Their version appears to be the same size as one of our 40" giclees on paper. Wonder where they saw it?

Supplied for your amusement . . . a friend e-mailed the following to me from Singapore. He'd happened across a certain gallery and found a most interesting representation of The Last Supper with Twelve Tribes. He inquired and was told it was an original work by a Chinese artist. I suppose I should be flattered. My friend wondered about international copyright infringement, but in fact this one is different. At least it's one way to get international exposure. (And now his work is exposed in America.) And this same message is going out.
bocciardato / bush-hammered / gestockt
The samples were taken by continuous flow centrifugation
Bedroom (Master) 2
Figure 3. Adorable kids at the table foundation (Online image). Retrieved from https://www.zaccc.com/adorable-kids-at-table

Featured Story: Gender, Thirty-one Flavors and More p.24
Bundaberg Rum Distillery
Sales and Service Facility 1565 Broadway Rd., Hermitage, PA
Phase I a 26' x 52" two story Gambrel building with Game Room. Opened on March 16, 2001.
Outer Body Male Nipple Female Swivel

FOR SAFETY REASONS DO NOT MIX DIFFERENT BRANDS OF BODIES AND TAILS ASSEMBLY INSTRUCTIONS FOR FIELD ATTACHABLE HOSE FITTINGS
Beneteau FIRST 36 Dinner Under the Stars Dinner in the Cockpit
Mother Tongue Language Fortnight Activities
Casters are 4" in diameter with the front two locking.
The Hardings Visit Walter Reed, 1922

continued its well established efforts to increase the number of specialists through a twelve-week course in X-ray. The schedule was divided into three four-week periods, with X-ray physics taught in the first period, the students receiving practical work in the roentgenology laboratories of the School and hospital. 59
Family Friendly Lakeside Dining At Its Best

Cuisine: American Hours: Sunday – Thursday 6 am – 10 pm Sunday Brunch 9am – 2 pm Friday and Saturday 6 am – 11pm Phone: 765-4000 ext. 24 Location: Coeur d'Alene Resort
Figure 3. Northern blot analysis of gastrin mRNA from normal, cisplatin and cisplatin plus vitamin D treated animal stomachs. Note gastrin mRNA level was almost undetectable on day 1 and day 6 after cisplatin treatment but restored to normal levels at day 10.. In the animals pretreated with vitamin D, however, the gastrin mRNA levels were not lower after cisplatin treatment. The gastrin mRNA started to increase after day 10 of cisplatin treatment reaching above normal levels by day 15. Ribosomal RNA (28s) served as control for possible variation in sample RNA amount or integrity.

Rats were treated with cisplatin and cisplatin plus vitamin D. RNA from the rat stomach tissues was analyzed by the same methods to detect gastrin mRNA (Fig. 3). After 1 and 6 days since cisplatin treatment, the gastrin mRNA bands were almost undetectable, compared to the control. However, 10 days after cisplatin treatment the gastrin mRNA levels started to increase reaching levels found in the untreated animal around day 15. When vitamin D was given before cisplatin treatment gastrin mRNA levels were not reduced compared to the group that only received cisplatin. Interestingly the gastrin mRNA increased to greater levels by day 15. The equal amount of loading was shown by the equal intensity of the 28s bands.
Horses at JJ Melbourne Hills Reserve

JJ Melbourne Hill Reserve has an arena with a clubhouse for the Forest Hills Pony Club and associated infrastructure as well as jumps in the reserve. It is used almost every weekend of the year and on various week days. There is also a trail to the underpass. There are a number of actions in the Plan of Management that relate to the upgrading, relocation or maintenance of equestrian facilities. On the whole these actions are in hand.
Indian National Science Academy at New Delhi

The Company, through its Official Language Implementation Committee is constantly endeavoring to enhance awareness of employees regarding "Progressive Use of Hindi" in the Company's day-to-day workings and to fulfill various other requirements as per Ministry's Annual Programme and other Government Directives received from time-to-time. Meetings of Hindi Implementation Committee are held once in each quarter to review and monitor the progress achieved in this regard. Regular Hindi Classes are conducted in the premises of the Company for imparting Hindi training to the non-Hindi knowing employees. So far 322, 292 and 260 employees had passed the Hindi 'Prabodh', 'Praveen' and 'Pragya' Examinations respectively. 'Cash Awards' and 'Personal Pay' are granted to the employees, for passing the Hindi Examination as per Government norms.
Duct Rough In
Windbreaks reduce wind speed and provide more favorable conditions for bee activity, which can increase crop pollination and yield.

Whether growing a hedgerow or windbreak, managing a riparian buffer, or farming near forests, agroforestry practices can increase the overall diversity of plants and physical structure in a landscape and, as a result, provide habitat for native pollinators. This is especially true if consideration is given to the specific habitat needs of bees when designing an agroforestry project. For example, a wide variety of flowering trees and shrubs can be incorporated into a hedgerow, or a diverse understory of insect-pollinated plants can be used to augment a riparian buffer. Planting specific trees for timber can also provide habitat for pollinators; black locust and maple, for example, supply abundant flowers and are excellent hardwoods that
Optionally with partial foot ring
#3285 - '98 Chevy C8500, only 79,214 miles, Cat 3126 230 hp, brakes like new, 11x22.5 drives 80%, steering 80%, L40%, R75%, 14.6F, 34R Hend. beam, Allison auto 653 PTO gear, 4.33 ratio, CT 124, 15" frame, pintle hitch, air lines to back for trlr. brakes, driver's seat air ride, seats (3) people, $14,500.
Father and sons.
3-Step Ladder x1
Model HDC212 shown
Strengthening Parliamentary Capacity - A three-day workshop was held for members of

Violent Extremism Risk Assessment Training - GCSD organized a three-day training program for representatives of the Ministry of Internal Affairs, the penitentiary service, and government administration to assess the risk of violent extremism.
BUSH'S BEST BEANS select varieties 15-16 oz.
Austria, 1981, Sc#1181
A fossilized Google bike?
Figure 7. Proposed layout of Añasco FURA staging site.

------------------------------

-- Directions --
Look through the entries above for the word "Reserve". Copy every line where it shows up.

-- Answer space --
Horses at JJ Melbourne Hills Reserve
JJ Melbourne Hill Reserve has an arena with a clubhouse for the Forest Hills Pony Club and associated infrastructure as well as jumps in the reserve. It is used almost every weekend of the year and on various week days. There is also a trail to the underpass. There are a number of actions in the Plan of Management that relate to the upgrading, relocation or maintenance of equestrian facilities. On the whole these actions are in hand.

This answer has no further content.